Colonization of microclimates

Gene Spears spears at
Thu Jun 11 09:32:27 EST 1992

In article <1992Jun10.224704.13682 at> rthomson at (Rich Thomson) writes:

>>While each little habitat "island" may have a limited number of 
>>species (and classic island biogeographic theory suggests that the number of 
>>species in each "island" is at equilibrium, and your efforts would only 
>>temporarily increase diversity), the different "islands" may have different 
>>assemblages of species.

>Where can I study about this "classic island biogeographic theory"?
>If we're talking the kind of island in the ocean, how is that relevant
>to a place like the middle of a continent?
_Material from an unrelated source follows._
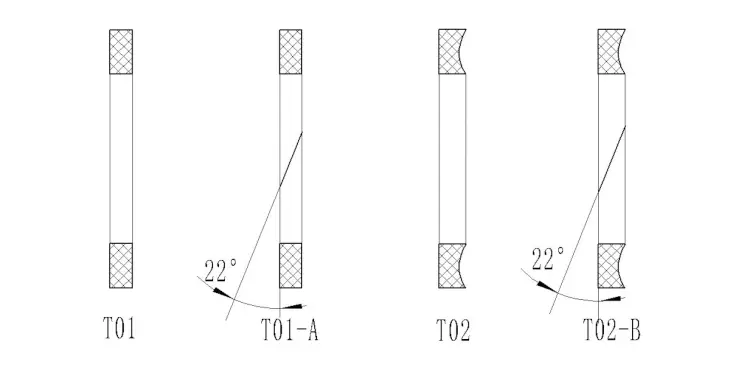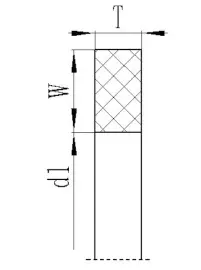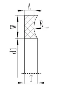 (2) Opěrné kroužky série T02 se skládají z vnitřního průměru D1, šířky W a tloušťky A a T.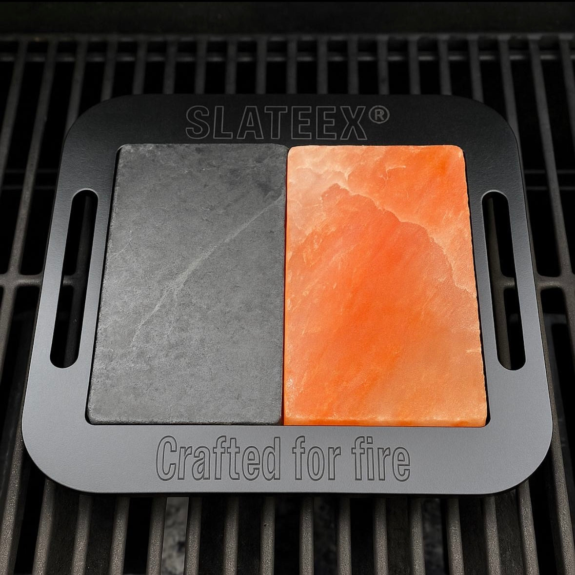 Ein Salzstein (20×10×2,5 cm) für fein gewürzten Geschmack direkt vom Stein, und ein Speckstein (20×10×3 cm) für gleichmäßige Hitze und intensives Röstaroma. Eingefasst in eine technisch durchdachte, formschöne Halterung – für vielseitigen Grillgenuss mit Stil.

	The best source for the classic theory is a short book by 
MacArthur & Wilson called (appropriately enough) "The Theory of Island 
Biogeography".  The reading is a bit heavy in spots, but the overall ideas 
are reasonably straightforward.  Basically, the idea is that the number of 
species found on an island depends on the rate of immigration and 
extinction, creating a dynamic equilibrium.  Even though the particular 
species found on an island will change over time, the number of species 
should remain relatively constant.  Variables like island area and distance 
from the mainland also effect the equilibrium number by affecting 
immigration and extinction rates.  More recent research shows that things 
are probably a bit more complicated than the equilibrium model 
	A lot of research has been done to suggest that isolated 
patches of habitat (like the fumaroles you described) can be considered as 
islands, even though they're surrounded by dry land.

>>      The system that you describe would be an ideal one for ecological 
>>studies of extinction and colonization.  Better to leave it alone for some 
>>future research.

>Better get there before the cows get at it, then.  This area also
>includes the following "goodies": plenty of monocrop farming right
>next door, the free world's largest Beryllium mine, various mining
>prospects, garbage dumps, and a cinders mine (for garden lava rock).
>This may give you a different idea of what this place looks like (my
>first description only described the aspects relevant to my query);
>this is definately *not* a pristine, untouched environment.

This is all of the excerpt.